### Stored items from a collection:
__________________________________________________

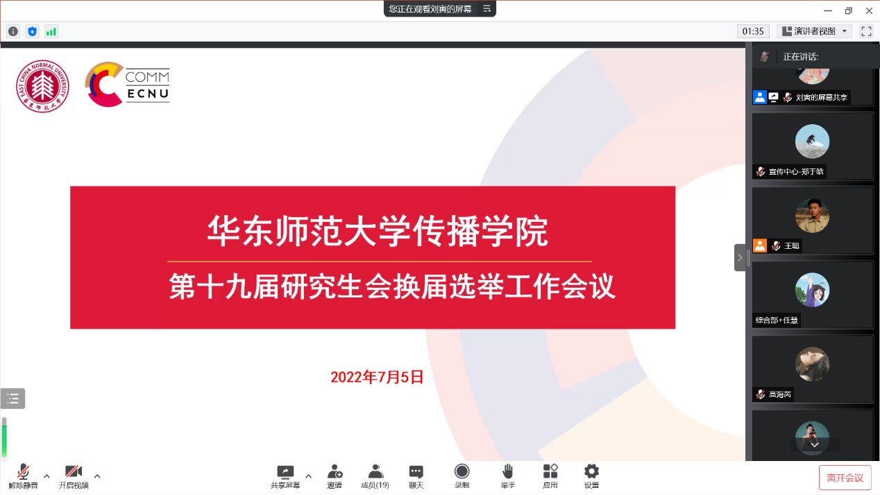 2022年7月5日上午10点, 偷情 第十九届研究生换届选举工作会议以线上形式召开,偷情 团委书记吴烨茜老师、偷情 第十八届研究生会全体成员及各班学生代表出席了本次会议。工作会议由偷情 第十八届研究生会主席团成员王聪主持。
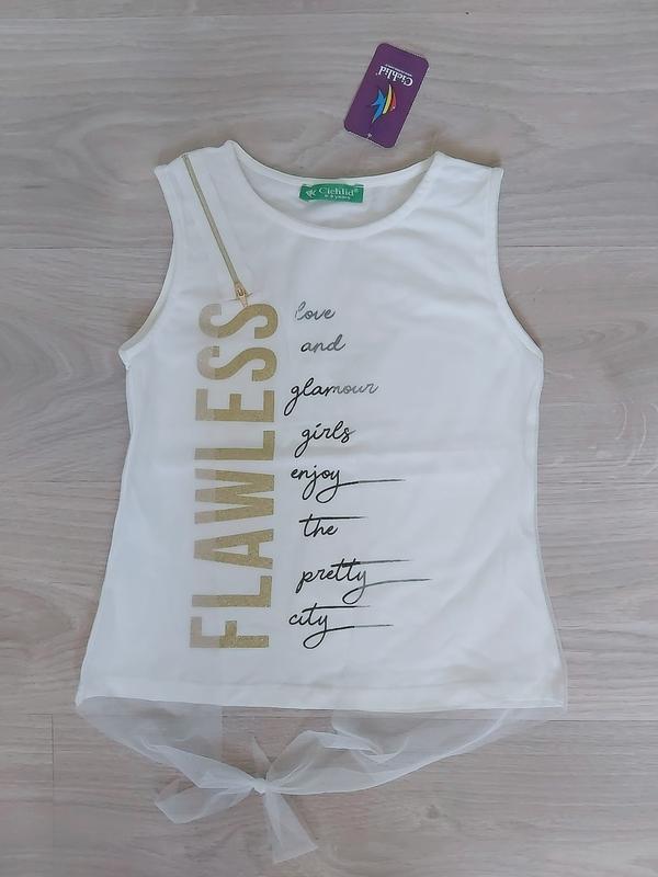 Очень красивая майка молочного цвета с принтом и вставками из фатина. Фатин пришит по бокам и завязывается спереди на бантик. Майка очень удобная и приятная к телу. Можно сочетать с разными стилями. Материал хлопок, фатин. Качество супер. Производитель Турция фирма Cichlid
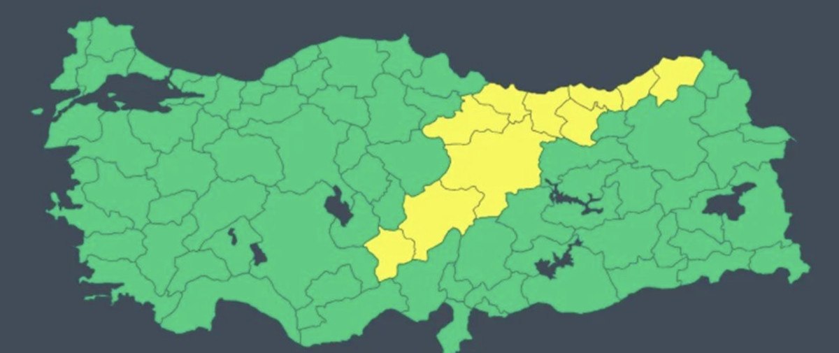 Artvin, Giresun, Gümüşhane, Kayseri, Niğde, Ordu, Rize, Sivas, Tokat ve Trabzon için sarı kodlu ikaz verildi.
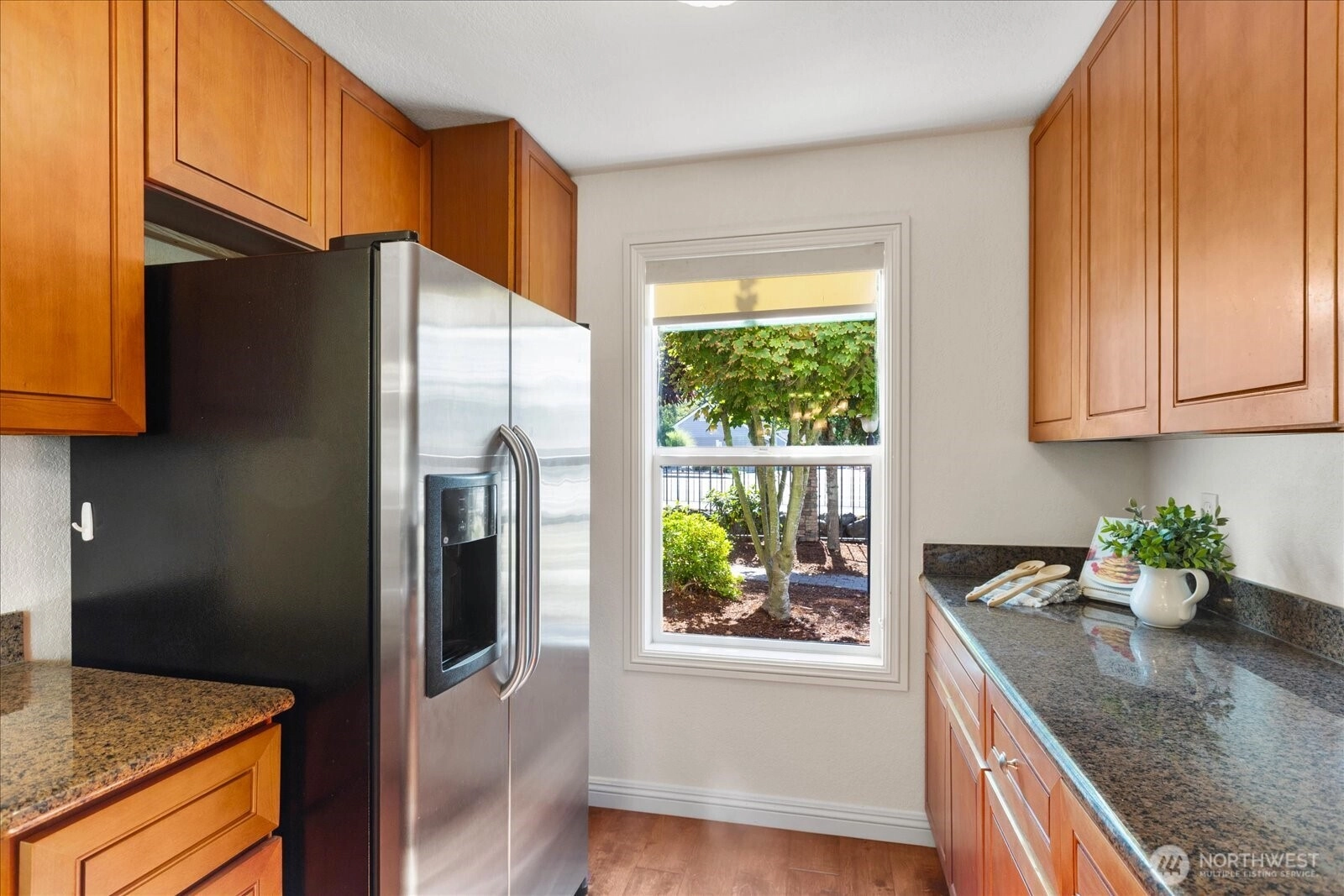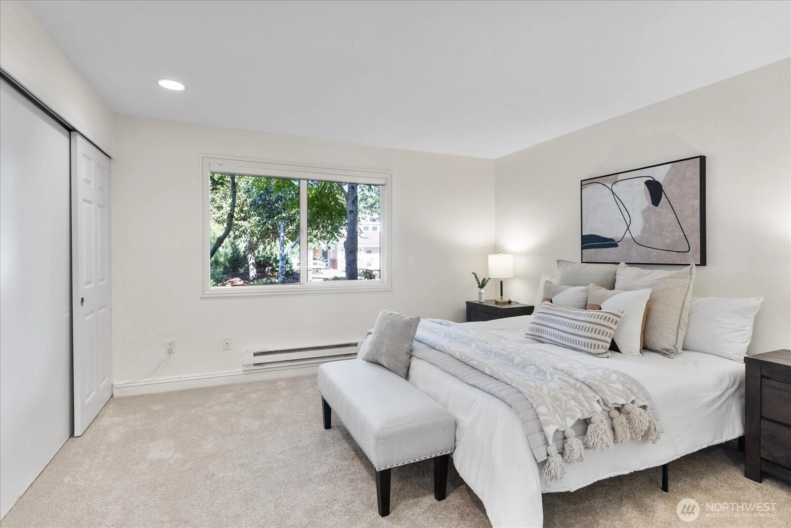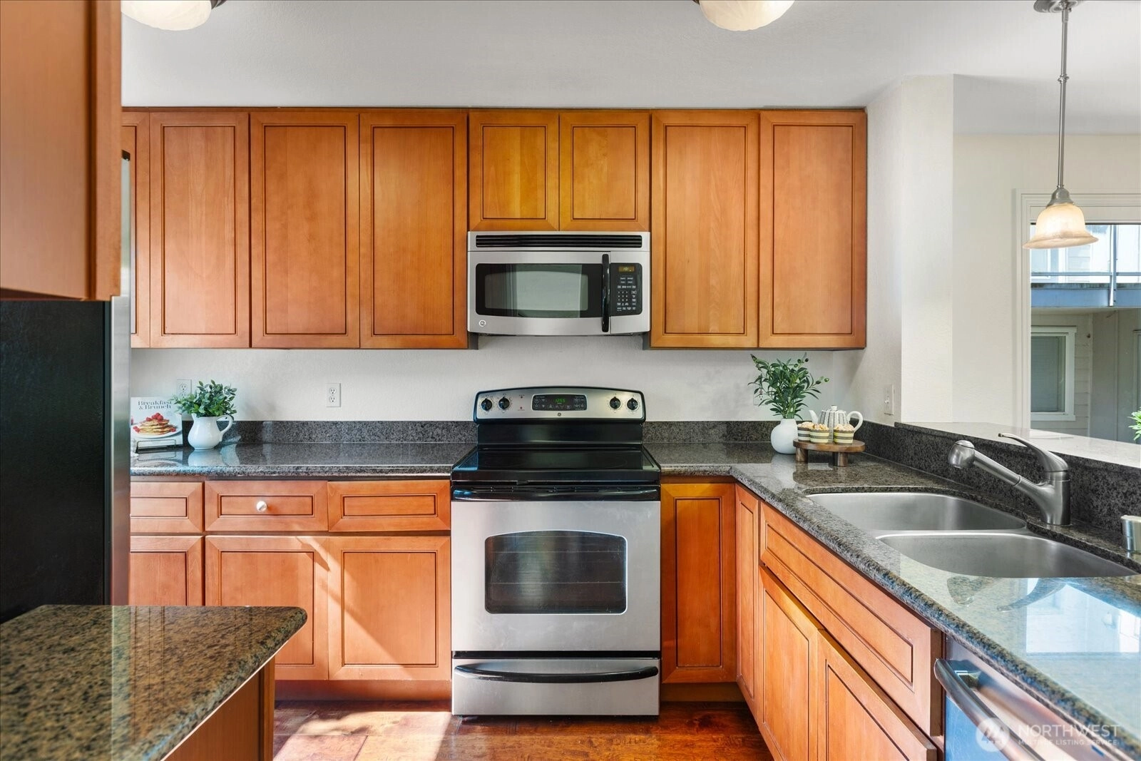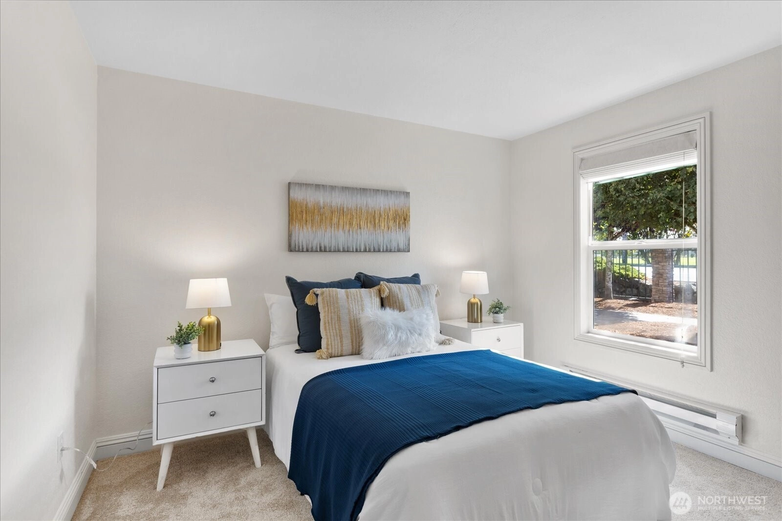 Conveniently located and affordably priced this freshly updated condo is ideal for first time buyers, downsizers (bottom floor, no step entry) or investors (no rental cap). This charming move-in ready home has hardwood floors, new carpet, and new paint. Enjoy preparing meals in your kitchen with granite counter tops, solid wood cabinets and stainless appliances. Living area spills out French doors to patio overlooking courtyard. Primary bedroom comes with ensuite and extra large closet. 2 dedicated parking spaces are close by in this well maintained gated community. Across from Walter Hall Park/Golf Course, easy commute to Boeing, Paine Field Airport, Freeway, shopping and dining. Low HOA dues, pet friendly. Make Memories Here!
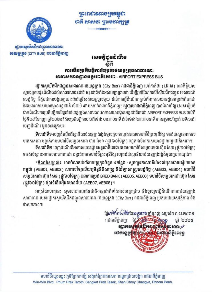 រដ្ឋបាលរាជធានីភ្នំពេញ បានណែនាំឱ្យ រ.ដ.ស រៀបចំ ដាក់ដំណើរការប្រតិបត្តិការខ្សែរត់រថយន្តក្រុងសាធារណៈអាកាសយានដ្ឋានអន្តរជាតិតេជោ-AIRPORT EXPRESS BUS ចាប់ពី ថ្ងៃទី០៩ ខែកញ្ញា ឆ្នាំ២០២៥ ដែលប្រតិបត្តិការចាប់ពីម៉ោង ០៥៖៣០នាទី ដល់ម៉ោង២៣៖៣០នាទី មានតម្រាយខ្សែរត់ ២ទិសដៅ ចេញដំណើរ ដូចខាងក្រោម៖
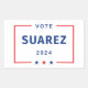 Mostra "Vote Suarez 2024" e três estrelas abaixo, emolduradas em uma caixa vermelha. Para fãs do prefeito de Miami Francis Suarez, que está concorrendo para ser eleito presidente nas eleições de 2024. Ele é um candidato republicano, de direita e conservador da Flórida. Equipamento de campanha. Mostre seu apoio.
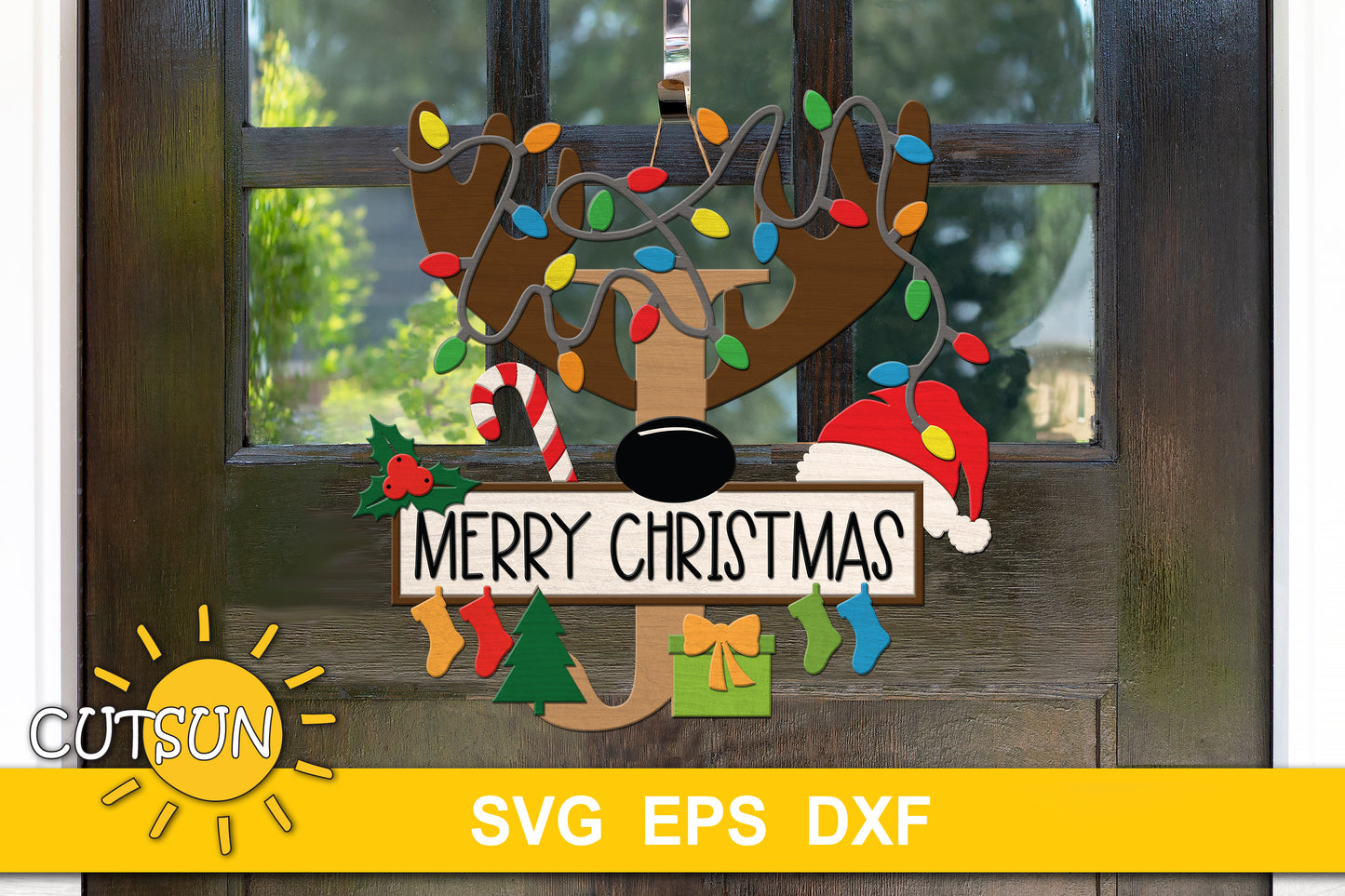 Christmas Monogram Door sign SVG - letter J | Christmas welcome sign SVG | Laser cut file
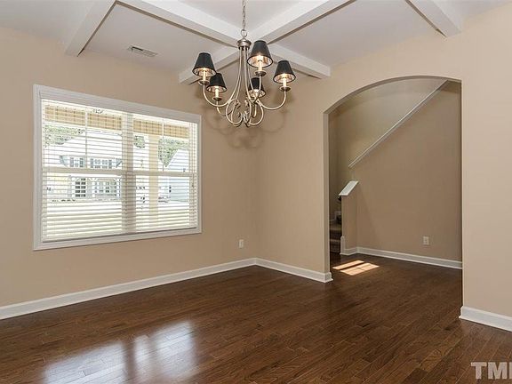 OXFORD AMERICANA completed on wooded homesite! 2-story foyer opens to Great Room w/fireplace.Main floor guest bdrm/study-full bath.Hdwd floors in foyer & dining w/coffered ceiling. Arched doorways and vaulted ceilings throughout. Kitchen-36" cabinets w/crown, SS appliances, granite counters & large island. Master suite incl dome ceiling, sitting room, walk-in closet. Bath features linen closet, double vanity. Huge bonus room/closet;Covered porch. deep wooded wow lot-Wake Co Schools BACK UP OFFERS accepted
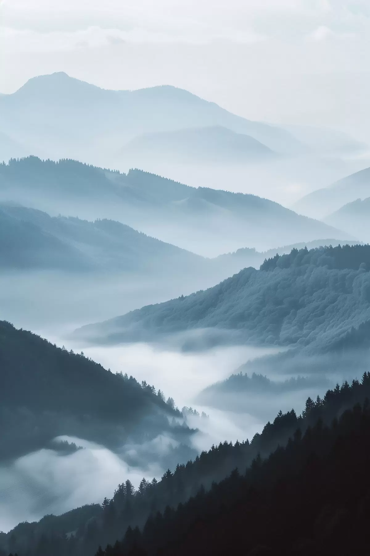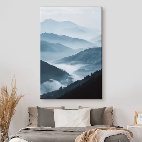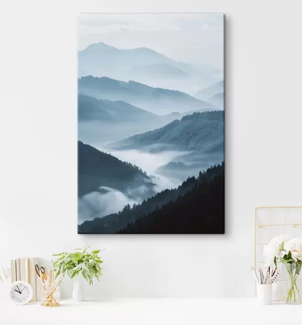 Картина Затуманені гори, блакитний пейзаж s48567

__________________________________________________

### PROBLEM DETAILS:
Reproduce only the lines of the records from the start up to and including the line that holds "kodlu ikaz verildi."; do not carry over any picture.

### TASK ANSWER:
 2022年7月5日上午10点, 偷情 第十九届研究生换届选举工作会议以线上形式召开,偷情 团委书记吴烨茜老师、偷情 第十八届研究生会全体成员及各班学生代表出席了本次会议。工作会议由偷情 第十八届研究生会主席团成员王聪主持。
 Очень красивая майка молочного цвета с принтом и вставками из фатина. Фатин пришит по бокам и завязывается спереди на бантик. Майка очень удобная и приятная к телу. Можно сочетать с разными стилями. Материал хлопок, фатин. Качество супер. Производитель Турция фирма Cichlid
 Artvin, Giresun, Gümüşhane, Kayseri, Niğde, Ordu, Rize, Sivas, Tokat ve Trabzon için sarı kodlu ikaz verildi.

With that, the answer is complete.